In Water Mirror Echo, the journalist tells the story of actor and martial artist Bruce Lee’s rise to fame alongside the cultural history of Asian America.
You write that Lee is “perhaps the most famous person in the world about whom so little is known.” What do you mean by that?
People knew Bruce and they knew his screen presence, but they didn’t really know who he was off-screen. Bruce Lee is the picture that people have of Asian Americans, but people don’t have that picture filled in.
Lee moved between the U.S. and China throughout his life. How was he perceived in each country?
When Bruce first returns to Hong Kong after starring as Kato in the The Green Hornet, Hong Kongers receive him like a superhero, because he’s been on American TV. He’s the Asian who broke through the bamboo ceiling and kicked ass on screen. But Bruce is embarrassed about The Green Hornet because he realizes that he’s another version of the stereotypical Asian male in Hollywood. He’s basically the servant for the white hero. Southeast Asians can’t understand how internally oppressed he feels from racism in the U.S., and then on the other side, white folks see him as an Oriental, mystical, guru-type character.
The book paints a portrait of both Lee and the development of Asian American culture. How do these histories overlap?
Bruce, after coming to Seattle as an 18-year-old and living in a segregated neighborhood, begins to understand what it means to be minoritized in America. There’s a direct line from that to who he becomes, which is a global hero of the underdog. Bruce is this transcendent hero who seems above history, but that reduces him in some ways. He becomes an archetype, and Asian Americans think of him as a stereotype that they have to live into. The reality is that his story is like so many other Asian American and Pacific Islander stories. That was what I wanted to recapture by putting Bruce back in his context.
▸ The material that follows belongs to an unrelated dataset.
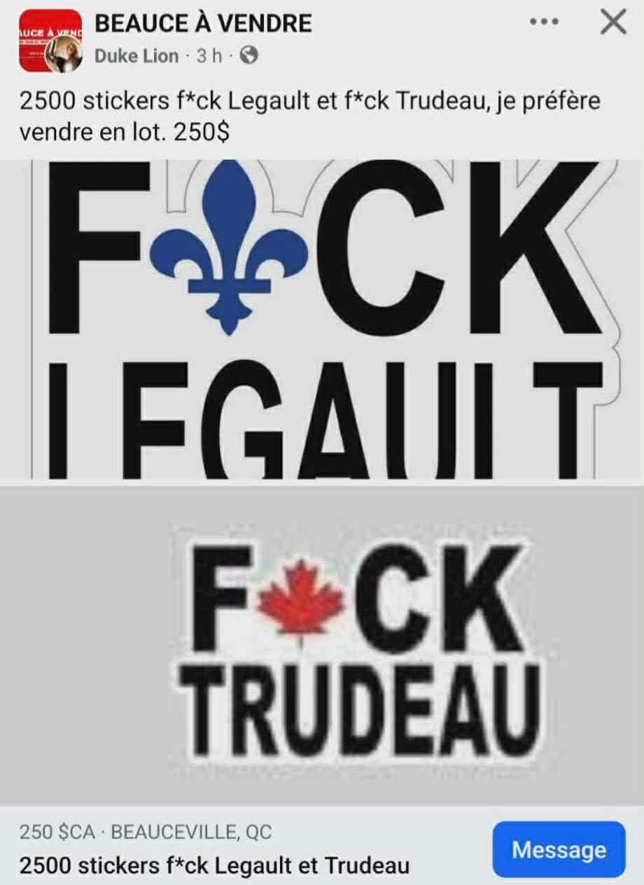 Oups… les coucous veulent vider leur inventaire! Vous allez devoir baisser les prix! 😂😂😂 Commentaire inutile à m’envoyer: 2 pour 1 peut-être? Navigation des articles ← François Legault a démissionné à cause de… Pierre Dion! Serge Denoncourt démolit la nouvelle série de l’heure Heated Rivalry! → Label Nom* E-mail Label Nom* E-mail 23 Commentaires Commentaires en ligne Afficher tous les commentaires anti-montréaliste 5 heures il y a Fuck la Beauce, il t’en reste tu ? Père Gédéon 3 heures il y a Répondre à anti-montréaliste Nop! Je les ai tous achetés. En stock prochainement 1 heure il y a Répondre à anti-montréaliste « Fuck les dents naturelles » est en rupture de stock. Le Quebecois docille et fière de l'etre 59 minutes il y a Répondre à anti-montréaliste J’vais prendre 2 lots de Fuck Montréal Le fabriquant 5 heures il y a 250 $ pour des collants passés date. Chose la 2 heures il y a Répondre à Le fabriquant Tu sais que c’est un troll right? Sharp EL-531 (le vrai) 7 minutes il y a Répondre à Chose la Non, justement, c’est à vendre pour vrai Junior Galarneau, père 5 heures il y a Trudeau s’est reproduit. Jamais deux… Bobos fragiles 5 heures il y a Ces gens vivent encore en 2021. Les collants vont être bons longtemps ! Le pacte du je-me-moi 5 heures il y a Beauceville…. il n’y a plus rien à ajouter! Muhahaha 4 heures il y a Un troll qui achète ça et les collent sur les autos du plateau hahaha Stephane Gaudette 26 minutes il y a Répondre à Muhahaha T’sé ce qui est ben drole….toé tu vois ces 2 la comme etant de gauche….pis ceux qui sont de gauche les vois comme etant des dretteux Albert Ramstein 4 heures il y a En Beauce…seul endroit où il va pouvoir les vendre… le connard déchaîné 4 heures il y a 2 500 stickers! Ok 0.05$! Pis je suis généreux! Euh... 4 heures il y a Un autre de nos « déplorables » qui confond le nombre de sa clique avec le bruit qu’ils émettent. Ça donne 2500 collants de trop ! Famuel Grenier 4 heures il y a Répondre à Euh... Et il en avait fait imprimer 3000!! Sharp El-531 (Le vrai) 4 heures il y a La Beauce….bien sur. L'everest au volant 4 heures il y a Ça devrait plutôt être « donne-moi 250$ puis je vais t’en débarrasser. » L’usure du pouvoir des coucous 4 heures il y a Il devrait garder ses collants, ils ont un véritable pouvoir car les deux ont vraiment fini par partir, en démissionnant en plus. Sainte-Beuve 3 heures il y a « Fuck les morons ». Ce serait déjà un grand pas pour l’humanité. Chose la 2 heures il y a https://youtu.be/gd3Y4o95ObU?list=RDgd3Y4o95ObU Yannick 1 heure il y a Il en a 2500 de ces cochonneries, ça veut dire qu’il les a fait produire pour les vendre. Si lui n’arrive plus à les vendre, pourquoi quelqu’un voudrait acheter le lot. Il ne reste plus que faire fabriquer des collants FUCK MYSELF. DesMarais 1 heure il y a Qu’il reste avec sa scrap.

Can you discuss the book’s title?
It came from a Taoist text that for Bruce’s whole life was a huge riddle to him. The complete line is, “Moving, be like water. Still, be like a mirror. Respond like an echo.” What my editor got me to see was that in Bruce’s response to racism, he was trying to become adaptable
like water. And then as he reaches the last years of his life, he becomes a mirror for all these fans, reflecting their hurts and traumas but also their desires and ambitions. And then for me, as part of the second generation after Bruce, everything that he’s done and said continues to echo.